The council was informed of Wrenn’s decision on Wednesday, which Pappas alluded to in his comments to Hanks. “While the leadership of the department is in flux, we look to you to make sure that you are the steward of that (hiring) effort and are doing everything you can to get us there,” he said.

Hanks said she appreciated the comment and agreed. “As much as spring is our target, we want to be in there as soon as possible, and will keep you apprised of where we are on a regular basis.”

The new lease with Hillsborough County includes an escape clause allowing the state to cancel with 60 day’s notice “in the event the state makes available state-owned facilities.”

Councilor Andru Volinsky asked Hanks if she had the tools to get the job done. “Are the pay scales adequate to recruit?” he said.

Hanks alluded to contract negotiations between the state and the union representing prison guards, which are now at an impasse and into fact-finding.

“As far as pay scales, that is certainly a topic in the collective bargaining discussions, and we’ll see where that comes out,” she said. “We haven’t had people come through the door and say specifically it’s an impediment.”

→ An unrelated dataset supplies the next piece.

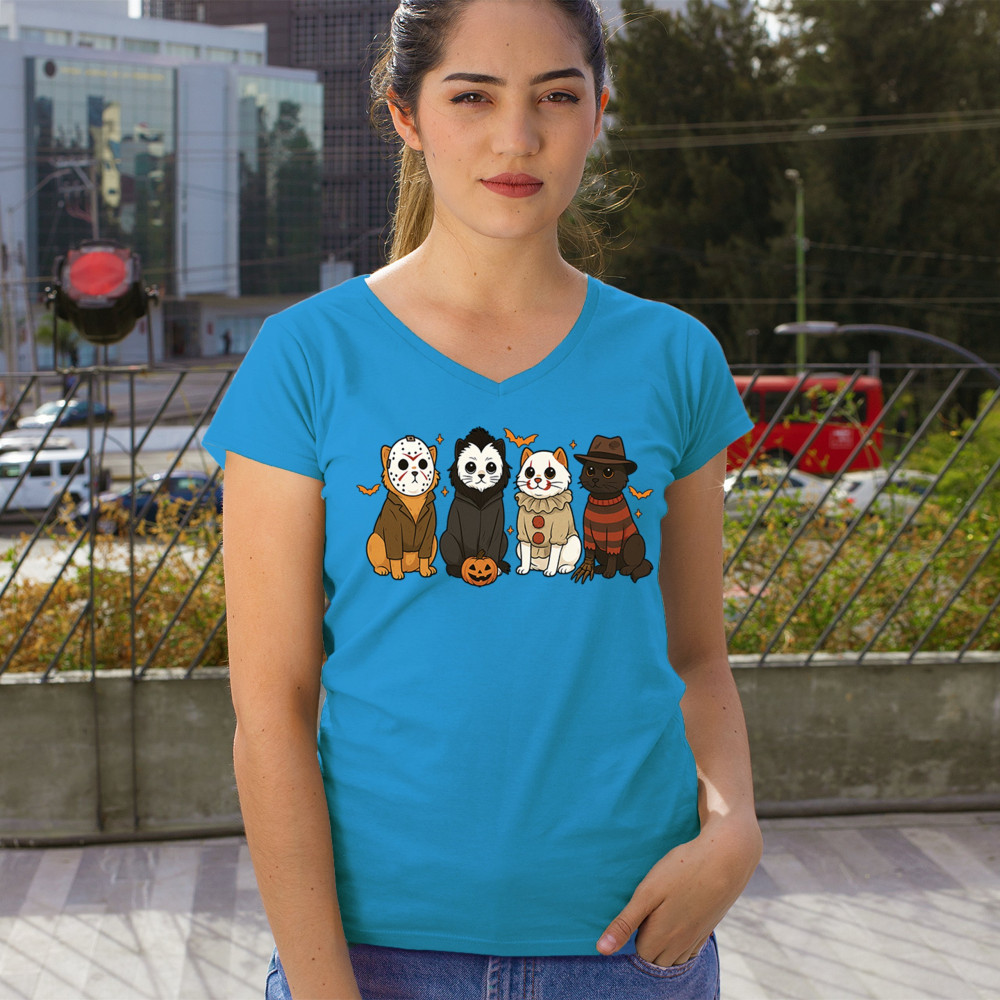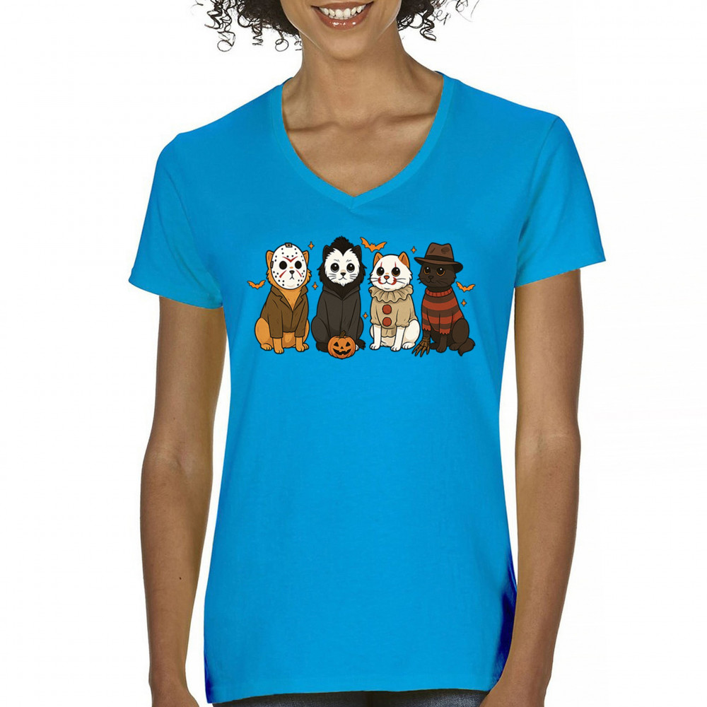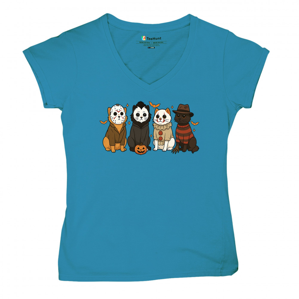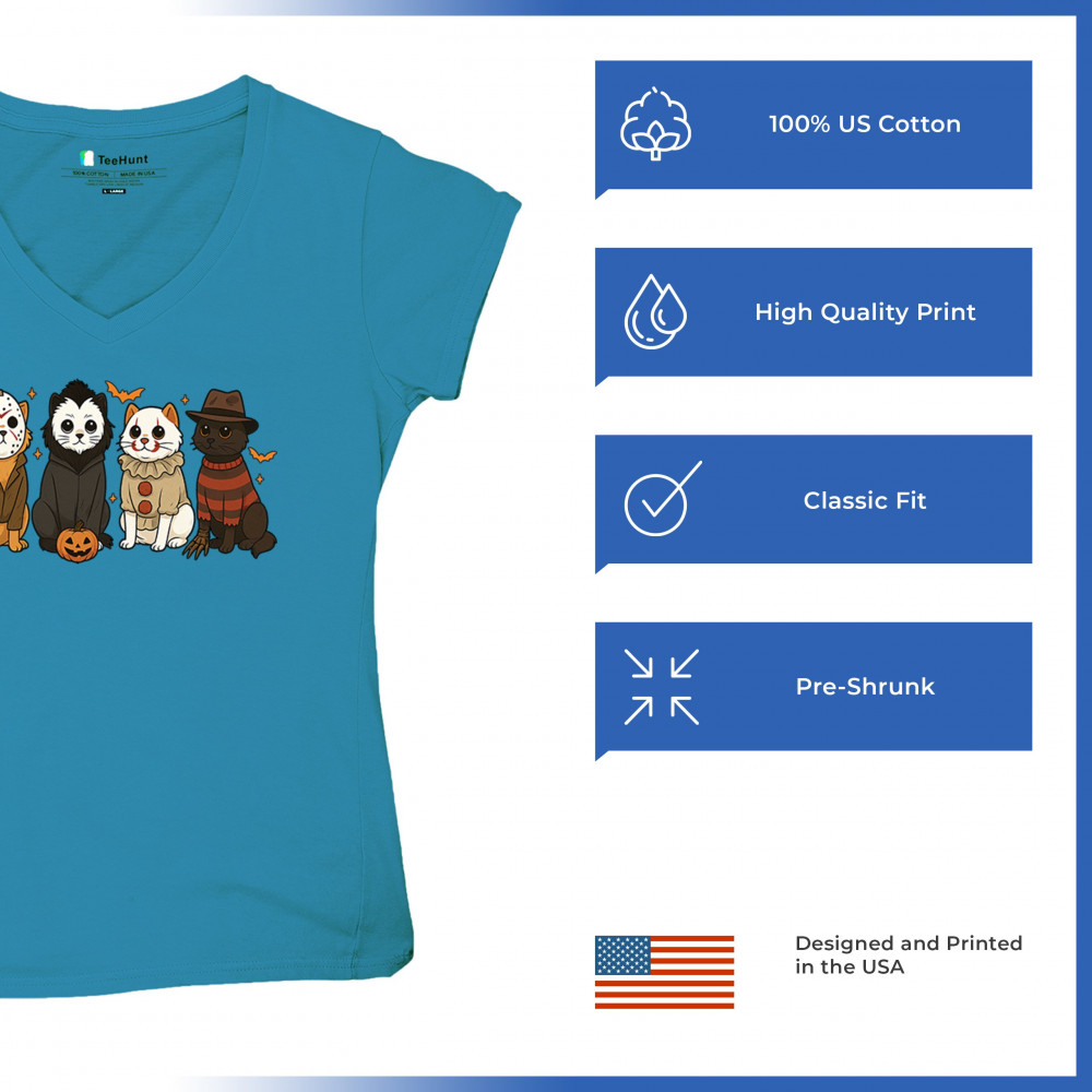Horror Cats Halloween design with spooky costumes, Jack o Lantern details, and Haunted House vibes. Perfect October 31 outfit for cat lovers.

Finding young men and women who can pass all the necessary background checks, testing and clearances is also a challenge, according to Hanks.

“We may have 400 applicants come in but after looking at criminal backgrounds and engaging them in the recruitment process we may have 50 applicants at the end of that 400,” she said. “So it’s getting the right people to our institutions to safely manage other human beings so we know that there aren’t going to be any untoward events.”

Jeffrey Padellaro, chief officer of the Teamsters union that represents prison workers, says it’s all about the pay.

“The entire state prison system is in deep crisis because of an inability to attract and retain correctional officers,” he said. “Starting salaries are $10,000 a year less than the average starting pay at local police departments. The gap is even larger — as much as $22,000 — when compared to officers at New Hampshire’s federal prison or in nearby Massachusetts.”